Chez only knew her daddy was sick and couldn’t go on the long hikes they used to take in the Cuyamaca forests, across the desert dunes, or along the beaches of Silver Strand and into the Tijuana sloughs. She knew he couldn’t work anymore, so they’d had to sell the kayaks and Mom’s car, and they watched the blurry TV, no more cable, and they couldn’t go to a cabin in snowy mountains or to Arizona for Padres spring baseball.
Tonight, he decided, he’d tell her the whole crappy truth. He tried to imagine her face when she learned he was as good as gone. Pale, he thought, with her cheeks caved in, tears big as goldfish. Shivering.
His horror at the image got interrupted when the old Toyota pickup made the turn off Guizot Street and pulled to the curb in front of their house. Chez waved. Such a beauty, he thought, with her raven hair and Kobe Bryant grace.
He waved back and hustled to meet her. He picked her up, kissed her cheek, and would’ve held her on his hip while he carried the cleaning gear in, but she squirmed and jumped down. Barb, exhausted from cleaning three houses, came around the front of the car, blew him a kiss, and trudged up the steps to the porch holding Chez’s hand.

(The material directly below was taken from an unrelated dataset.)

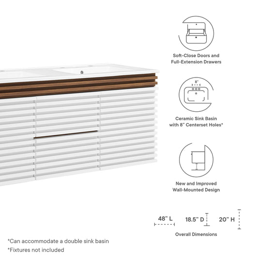 Modway Outlet Render 48" Wall-Mount Bathroom Vanity by Modway Bathroom Furniture White Walnut White - EEI-5802-WHI-WAL-WHI
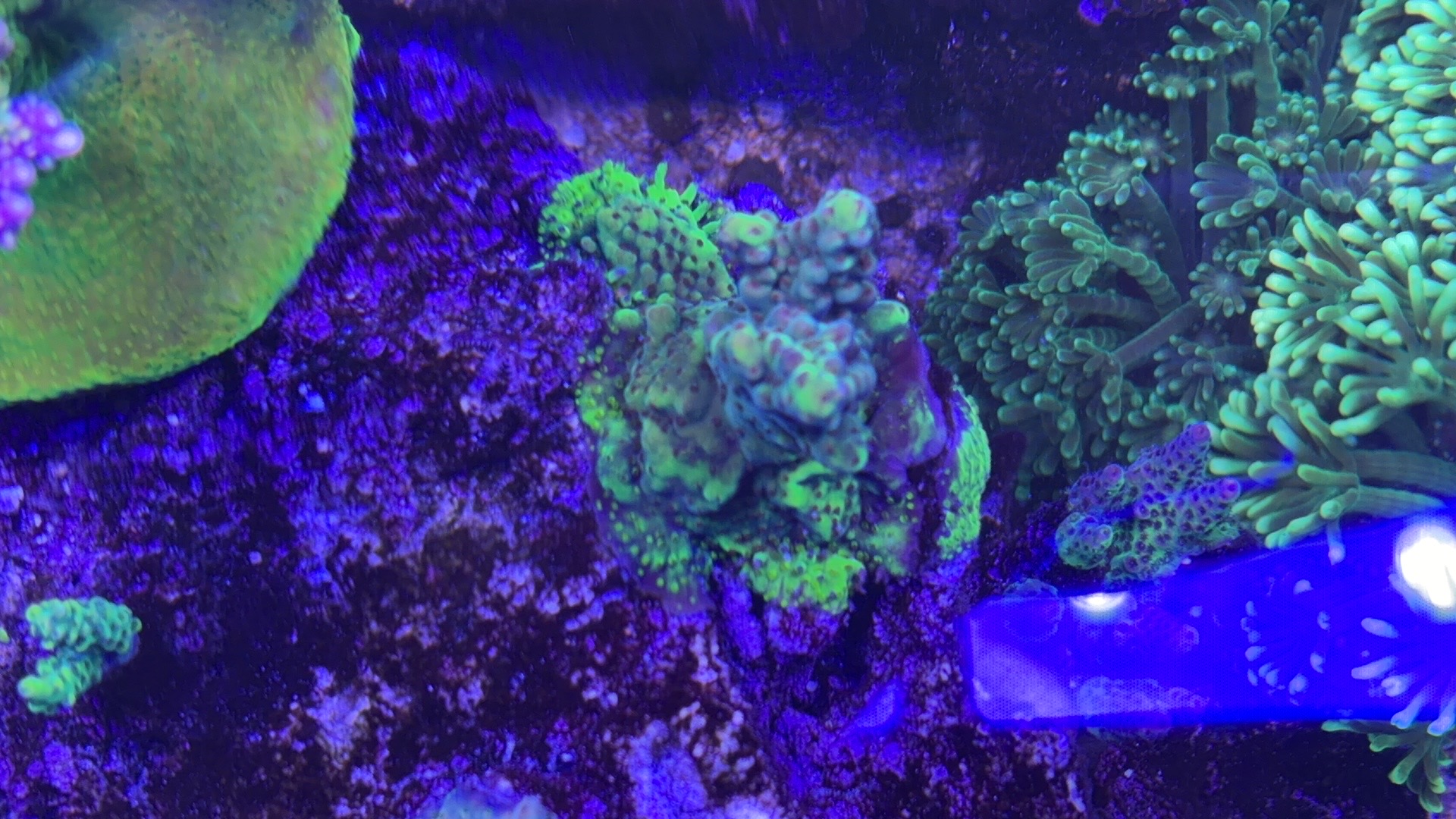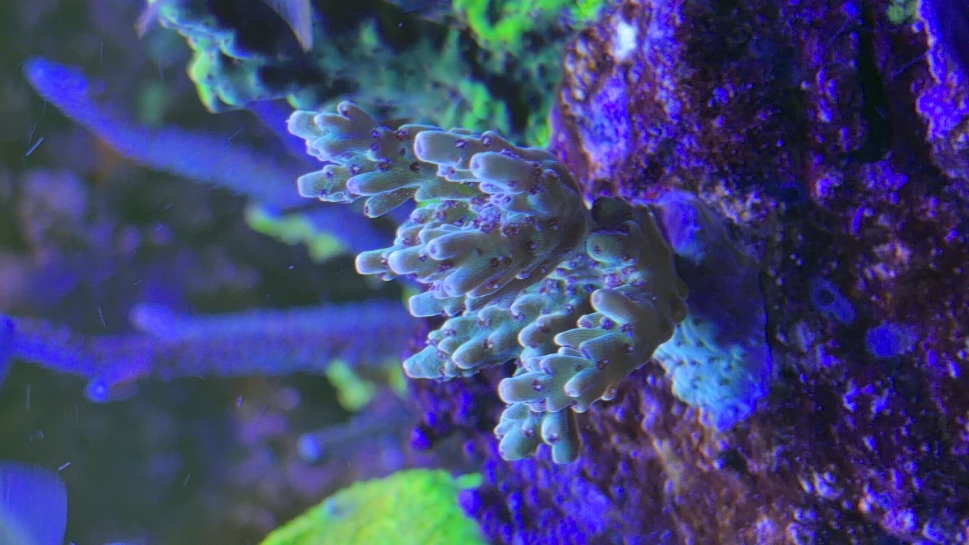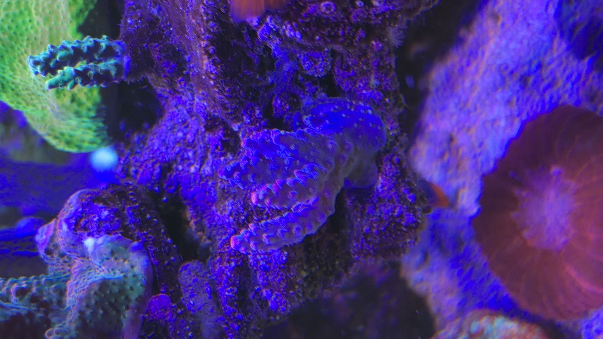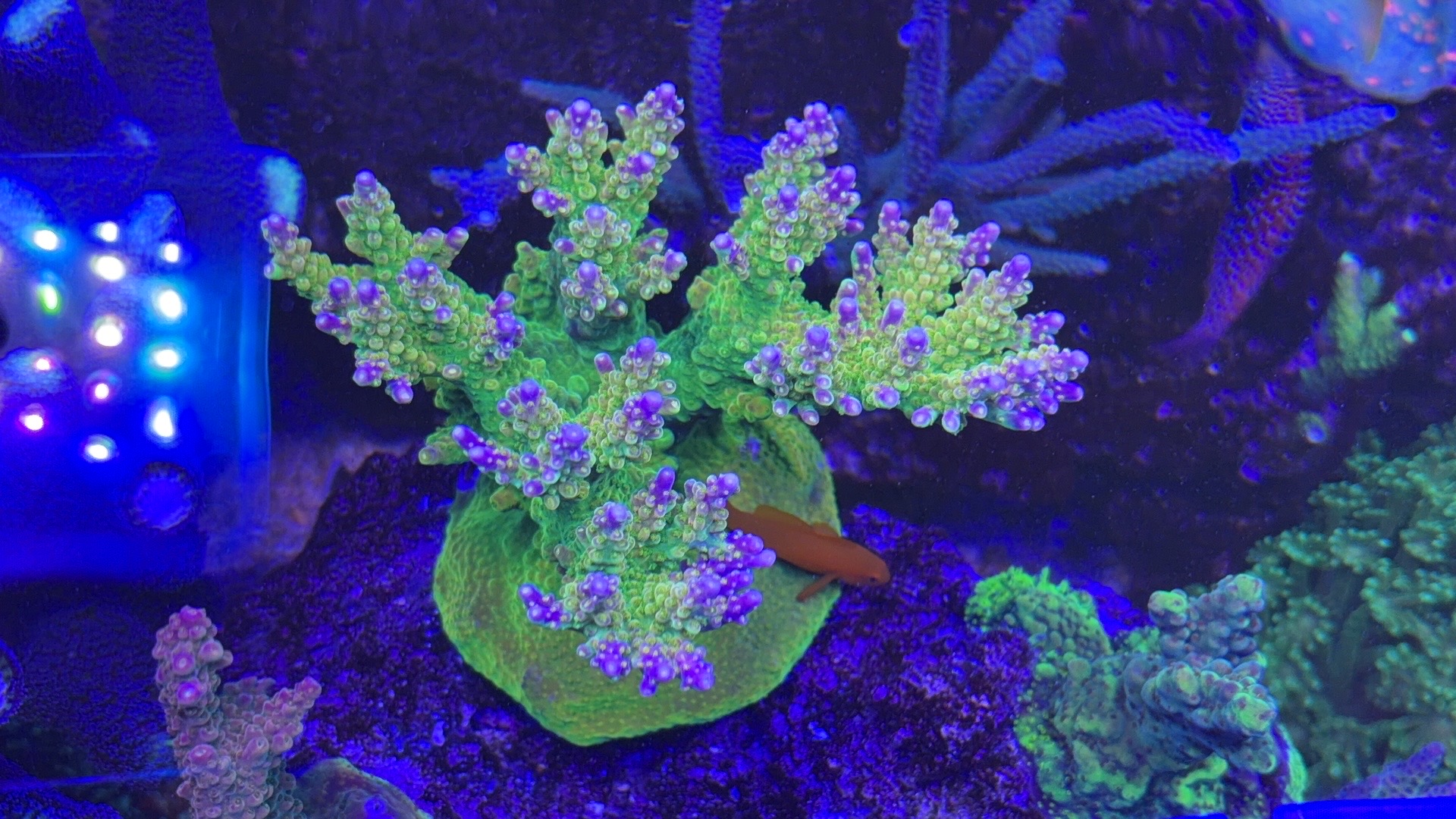 Nogle a mine acroporaer er begyndt at få bedre farver og polyp udfoldelse om natten efter jeg opdagede min bummert med den forhøjet salt.

While he delivered the vacuum cleaner, broom, mops, and buckets into the garage, Chez zoomed past. She was already in her play overalls that matched her dad’s outfit. Over her shoulder, she shouted, “Mom’s mad cause you didn’t make the spaghetti like you were s’posed to.”
She leaped over the low rock wall between their yard and her friend Maria’s.
Inside, Greg found Barb stepping into the shower. He leaned against the sink. “Babe, tonight, we’re going to tell Chez about you-know-what.”
Over the splashing, she hollered, “Since you didn’t make the spaghetti sauce, how about microwave chicken and that summer squash with cheese that you and Chez like. Okay?”
“Yeah, sure.” He stayed a minute peering through the beveled glass, admiring her curves that had trimmed and defined over the past few months since she began jogging. He gazed at her breasts, which he still loved to fondle after thirteen years, more than ever since the hepatitis caught hold. For at least a minute he admired the henna- auburn hair she wrapped like a scarf around her neck while she rinsed her backside.
Greg sighed, then winced from a pain like a high-voltage whack to his liver. He groaned, and staggered toward the bedroom, panting and blowing the way he’d learned at Lamaze classes while Barb was carrying Chez. He lay down and kept panting. As the pain dulled to a bearable ache, he sat up and heaved his feet over the side of the bed. He took the pillbox from the breast pocket of his overalls, opened it, and fingered through the pills. No OxyContin, his most trusty painkiller.
He returned to the bathroom, where Barb was out of the shower and wrapping her hair in the Snoopy towel. She said, “You asked what was for dinner, didn’t you?”